The system developed by NEXT Testing in 2006, and first used by hockey players two years later, consists of speed tests administered by HockeyTech, which provides the results to the hockey team. The solution employs IR sensors that send 34 beams across sections of an ice rink, Mosher says, and detect each time a player passes through a given beam, and thus how quickly he is moving in any specific direction. NEXT Testing's founders also wanted the testing system to provide anonymity, so that each player's performance could be measured without those viewing the test results knowing that individual's name. This ensured that no human-based biases could occur if coaches and others making team selections knew the names of the competing teens. To accomplish this goal, they sought an automated method of collecting an ID for each player without including his name on the results.

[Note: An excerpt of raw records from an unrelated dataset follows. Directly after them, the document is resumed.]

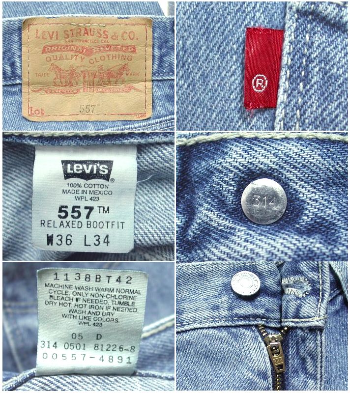 2001年製 Levi's 557 リラックスブーツフィット ジーンズです。MADE IN MEXICO 太めのブーツカットモデルです。トップボタン裏の数字は314 着用感はありますが、特に目立ったダメージはありません。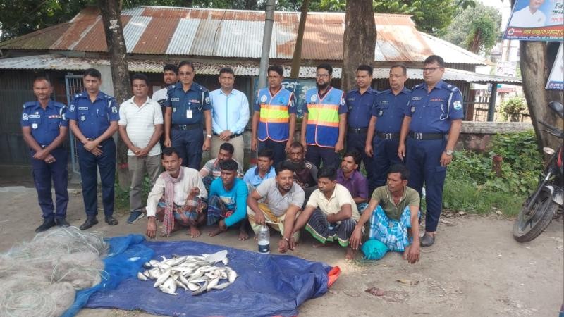 আটককৃত জেলেরা- ফরিদপুর কোতোয়ালি থানার গোলজার মন্ডলের মৃত আজাহার মোল্লার ছেলে মো. সালাম মোল্লা (৩৬), জয়নাল শেখের গ্রামের তারা সরদারের ছেলে ওবাইদুল সরদার (৩০), আকবর মালতের ডাঙ্গী এলাকার মো. আবসার মোল্লার ছেলে মো. ফজল মোল্লা (৩৫), মৃ লালন মোল্লার ছেলে মো. ছুরমান (৩২), মো. আলাউদ্দিনের ছেলে মো. আলমগীর (৩০), মো. ওসনান মোল্লার ছেলে মো. রুহুল আমিন (৩৩), মৃত ইসমাইল মোল্লার ছেলে মো. ইসাক মোল্লা (৪০), মৃত সোয়েদ কাজীর ছেলে মোতালেব কাজী (৪৫) ও রাজবাড়ীর গোয়ালন্দ উপজেলার দৌলতদিয়া ইউনিয়ন সাত্তার মেম্বার পাড়ার মৃত ইদ্রিস সরদারের ছেলে বাচ্চু সরদার (৩৫)।
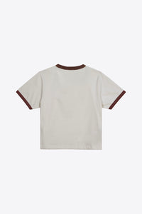 THIS BABY TEE HAS A SHRUNKEN FIT WITH A SLIGHTLY CROPPED BODY LENGTH HITTING JUST AT THE WAIST LINE.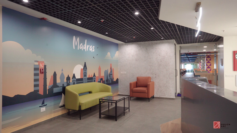 The workstation area is characterized by a bold use of orange accents, complemented by neutral tones. This energizing color scheme stimulates creativity and fosters a positive atmosphere, encouraging productivity throughout the day.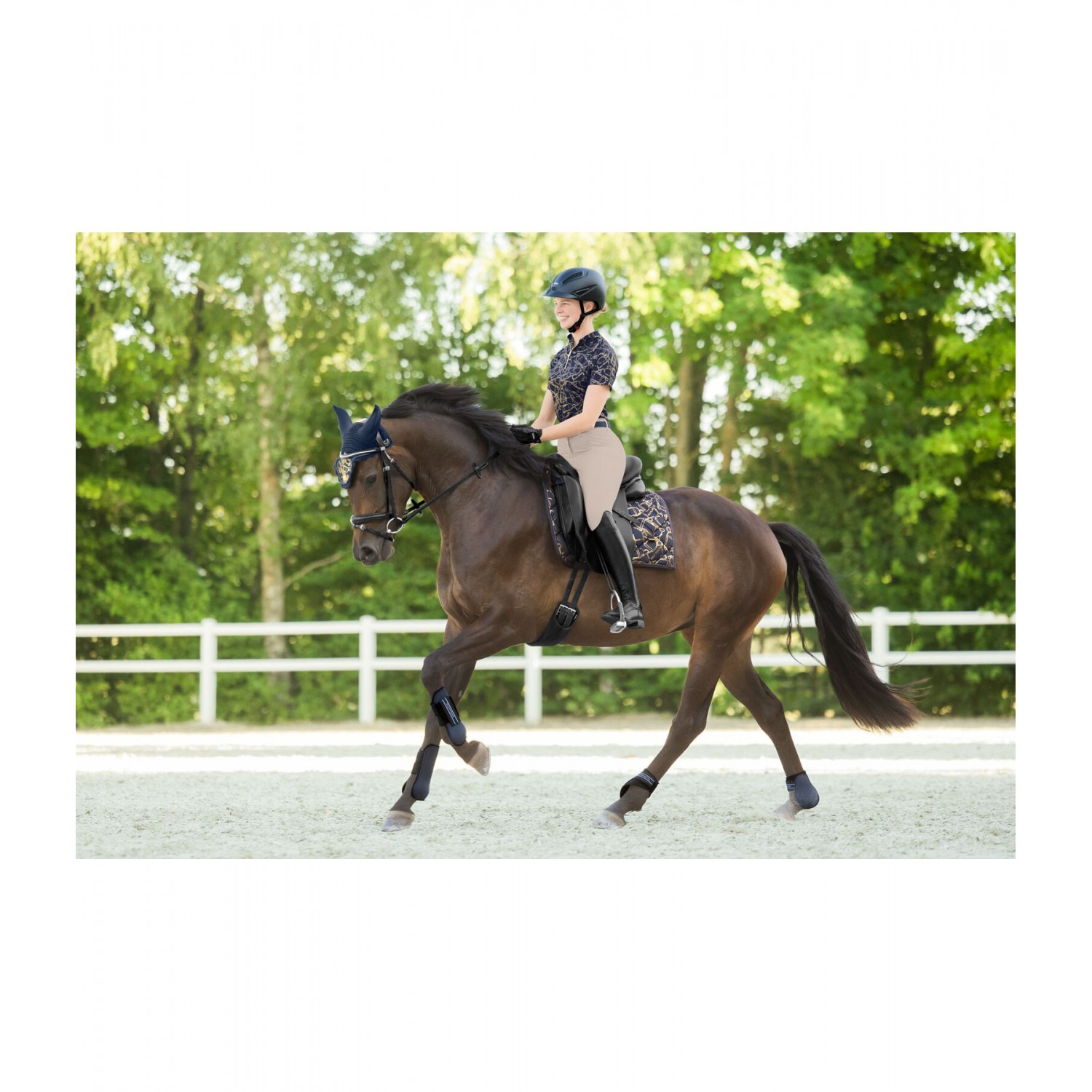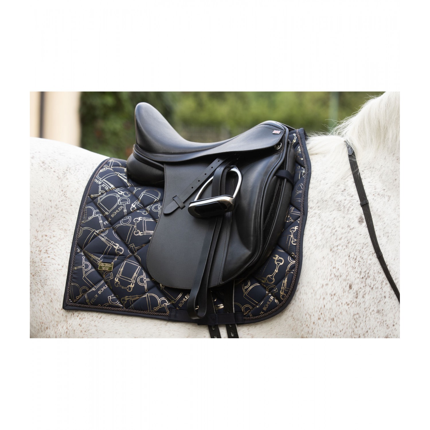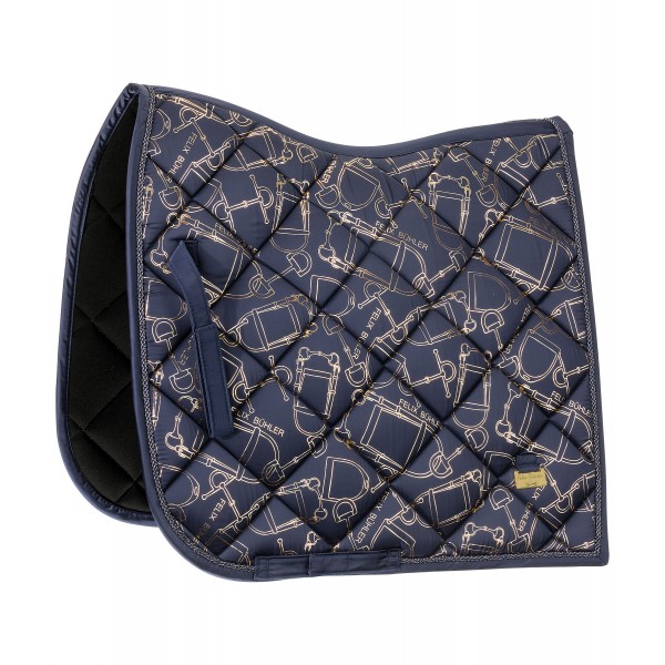 Элегантный, блестящий вальтрап с гладкой внешней поверхностью и металлическим принтом по всей поверхности, имитирующим модный узор трензеля. Декоративная отделка шнуром и металлические логотипы с обеих сторон. Дышащая и влагоотводящая сетчатая подкладка. 100% полиэстер.
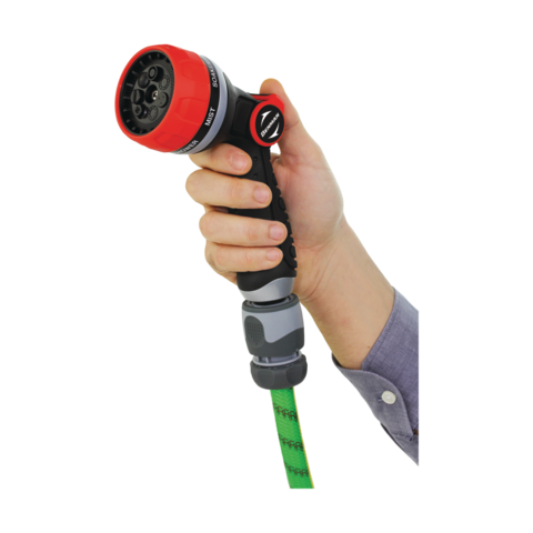 - Ρυθμιζόμενο στόμιο με 7 μοτίβα ψεκασμού: κωνικό, ομίχλης, φυσαλίδες, με πίεση, επίπεδο, κεντρικό, απαλό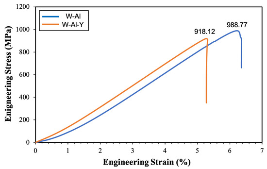 Figure 13 shows the compressive stress–strain curves of the W-Al and W-Al-Y model alloys. Both model alloys exhibit a compressive stress of approximately 950 MPa and a compressive strain of about 6%, indicating their brittleness and limited capacity for plastic deformation. In this study, the brittleness of materials can be attributed to the following two points. Firstly, the (Al,Cr) oxide layer surrounding the reinforcement phases significantly affects the mechanical properties. The (Al,Cr) oxide layer may weaken the interfacial bonding of the alloys by introducing brittle regions, which can serve as initiation points for crack formation and propagation under stress. The oxide layer also acts as a brittle barrier around the reinforcement phases, impeding plastic deformation through dislocation movement and consequently reducing ductility. Secondly, the (Al,Cr) oxide layers also have weak interfaces and limited load transfer capabilities. These layers hinder effective load transfer between the reinforcement and the matrix, preventing the reinforcement phases from fully contributing to the alloy’s strengthening. Consequently, the alloy reveals reduced compressive strength and an increased tendency for brittle fracture.

When a player prepares to take a test—such as the one offered at the North Bay Battalion Development Weekend at Memorial Gardens, in North Bay—he provides his name and other identifying information, such as the club for which he plays. The teen receives a wristband containing an embedded low-frequency (LF) 134 kHz RFID tag from Texas Instruments. The reusable wristband's ID number is linked to that player's name in the NEXT Testing software, and his name is not viewed again until the highest performing players are selected for the team.

In general, the NEXT Testing service begins by having players watch a video describing the 14 tests they will undergo on the ice. Then, one at a time, each player proceeds to a Texas Instruments reader, mounted at a gate to the rink, and taps his wristband near it. The reader captures the bracelet's ID and forwards that information to the computer running the NEXT Testing software. The player then awaits a green light above the gate, opens the gate and skates onto the rink. NEXT Testing personnel instruct him through the 14 tests, and the IR sensors capture the speed and accuracy at which he skates, by determining how fast and how accurately he reached the proper spot on the rink. Those results are paired with the RFID tag in his wristband.

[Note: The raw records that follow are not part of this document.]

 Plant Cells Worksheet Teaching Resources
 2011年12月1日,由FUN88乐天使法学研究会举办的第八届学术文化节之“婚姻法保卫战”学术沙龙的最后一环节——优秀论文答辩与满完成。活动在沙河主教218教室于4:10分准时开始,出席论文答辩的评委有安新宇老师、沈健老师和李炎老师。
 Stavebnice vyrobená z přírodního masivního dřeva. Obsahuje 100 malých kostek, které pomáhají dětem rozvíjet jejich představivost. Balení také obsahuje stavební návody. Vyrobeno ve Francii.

Once Team NOHA's coaches finished reviewing all of the test results during the North Bay Battalion Development Weekend, they selected the highest performers. The software linked the RFID numbers to the names of those players, who could then be informed of their status.

Mosher says that prior to being acquired by HockeyTech, NEXT Testing considered using bar-code scans as the identifying function of the solution, rather than radio frequency identification. However, he adds, RFID was deemed more reliable and easier to read, and the wristbands could be reused. Sometime after being acquired by HockeyTech in 2013, NEXT Testing ceased offering its testing service for approximately one year. However, once NOHA gives its approval, Mosher expects the testing service will be used by hundreds of minor midget players. The NOHA-affiliated teams are organized annually, and testing takes place once each year. For performance evaluation, a player could use the technology to measure his reaction times during practice sessions, and he and his coaches could review the results and compare them against previous findings, or determine areas in which he is strongest or weakest.

The testing information will not only be used by NOHA. NHL teams, for instance, can request the testing results from HockeyTech, and review a particular team member's results throughout the course of his three years with Team NOHA.